> WORK INSTRUCTION
Write out the data below exactly as given, without any of its pictures.

> GIVEN INFORMATION
----

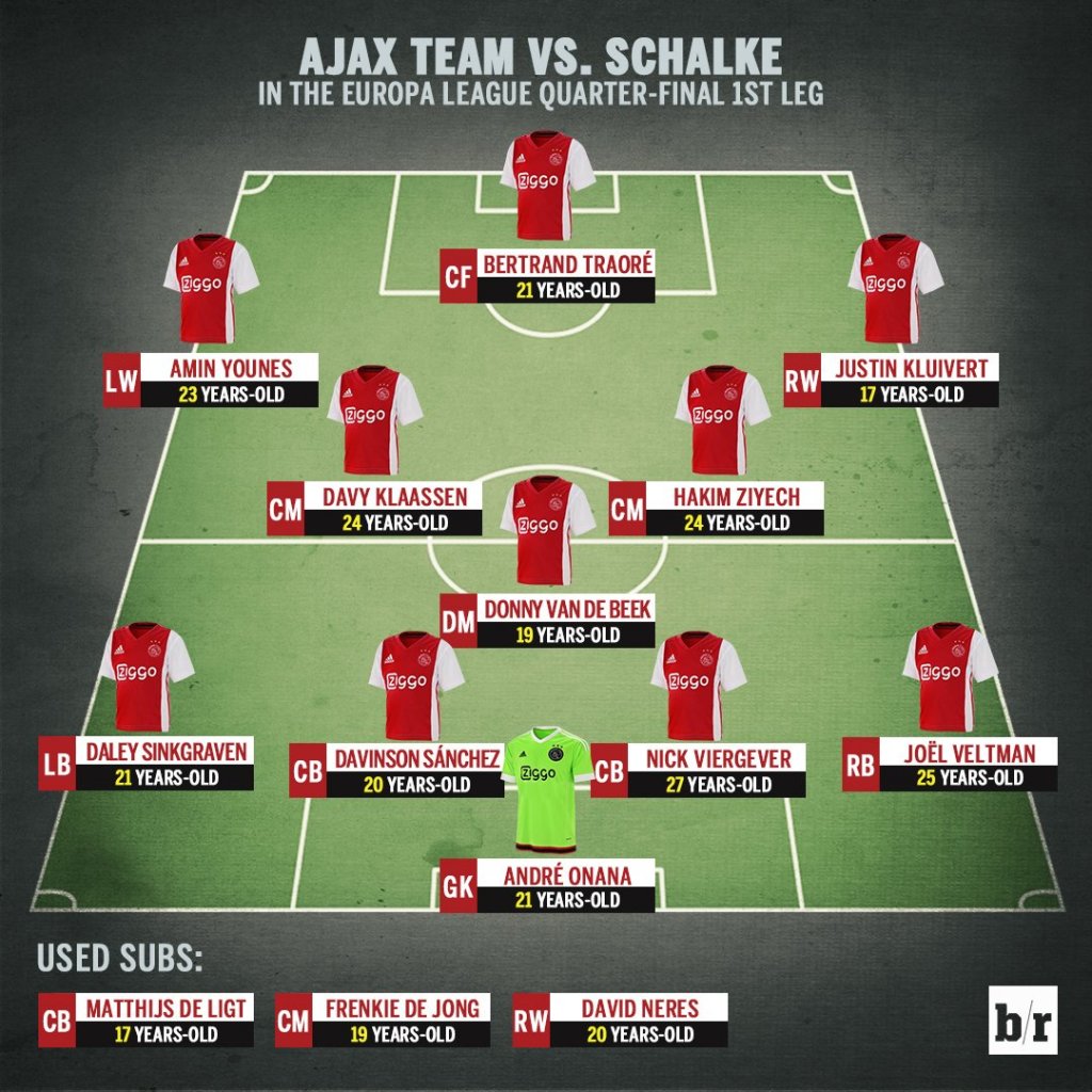 Στο πρώτο ματς με τη Σάλκε ο Άγιαξ κέρδισε με 2-0 και στη συγκεκριμένη αναμέτρηση αγωνίστηκαν ως βασικοί δύο παιδιά κάτω των 20 και άλλα δύο πέρασαν ως αλλαγή, ενώ έπαιξαν εννιά παίκτες που ήταν μέχρι 21 ετών!
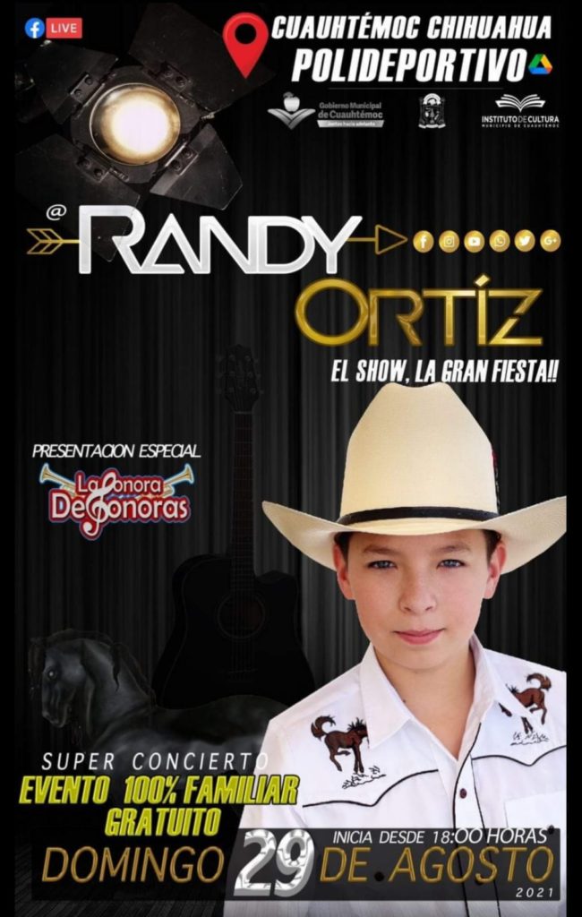 Como parte de las actividades organizadas en la cartelera cultural de agosto, el Instituto de Cultura del Municipio de Cuauhtémoc, invita a la población en general al concierto que ofrecerá el niño ganador del reality La Voz Kids, Randy Ortíz, el próximo domingo 29 de este mes en el polideportivo.
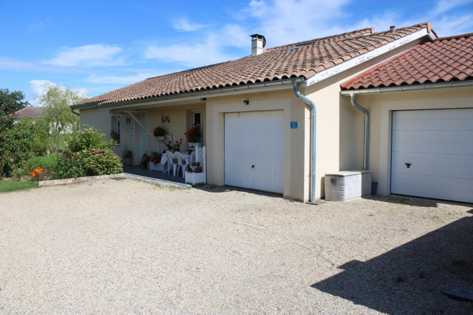 Mézériat. Charmante villa de 2008 hors lotissement composée d'un spacieux séjour et salon, cuisine ouverte aménagée équipée donnant sur une ravissante terrasse couverte, 3 chambres dont une avec suite parentale, grande salle de bains bal-néo, grande buanderie cuisine d'été, atelier et double garage le tout sur un ravissant terrain clos automatiquement et arboré de 1006 m².
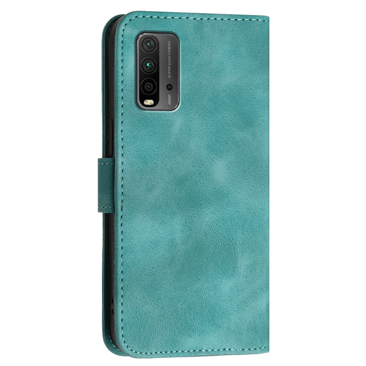 Funda de Cuero con Tapa y Cordón para Redmi 9T Yx0080 con Diseño En Relieve de Mariposa y Cuadrícula (Azul Claro)

----

> ANSWER TO THIS PROBLEM
 Στο πρώτο ματς με τη Σάλκε ο Άγιαξ κέρδισε με 2-0 και στη συγκεκριμένη αναμέτρηση αγωνίστηκαν ως βασικοί δύο παιδιά κάτω των 20 και άλλα δύο πέρασαν ως αλλαγή, ενώ έπαιξαν εννιά παίκτες που ήταν μέχρι 21 ετών!
 Como parte de las actividades organizadas en la cartelera cultural de agosto, el Instituto de Cultura del Municipio de Cuauhtémoc, invita a la población en general al concierto que ofrecerá el niño ganador del reality La Voz Kids, Randy Ortíz, el próximo domingo 29 de este mes en el polideportivo.
 Mézériat. Charmante villa de 2008 hors lotissement composée d'un spacieux séjour et salon, cuisine ouverte aménagée équipée donnant sur une ravissante terrasse couverte, 3 chambres dont une avec suite parentale, grande salle de bains bal-néo, grande buanderie cuisine d'été, atelier et double garage le tout sur un ravissant terrain clos automatiquement et arboré de 1006 m².
 Funda de Cuero con Tapa y Cordón para Redmi 9T Yx0080 con Diseño En Relieve de Mariposa y Cuadrícula (Azul Claro)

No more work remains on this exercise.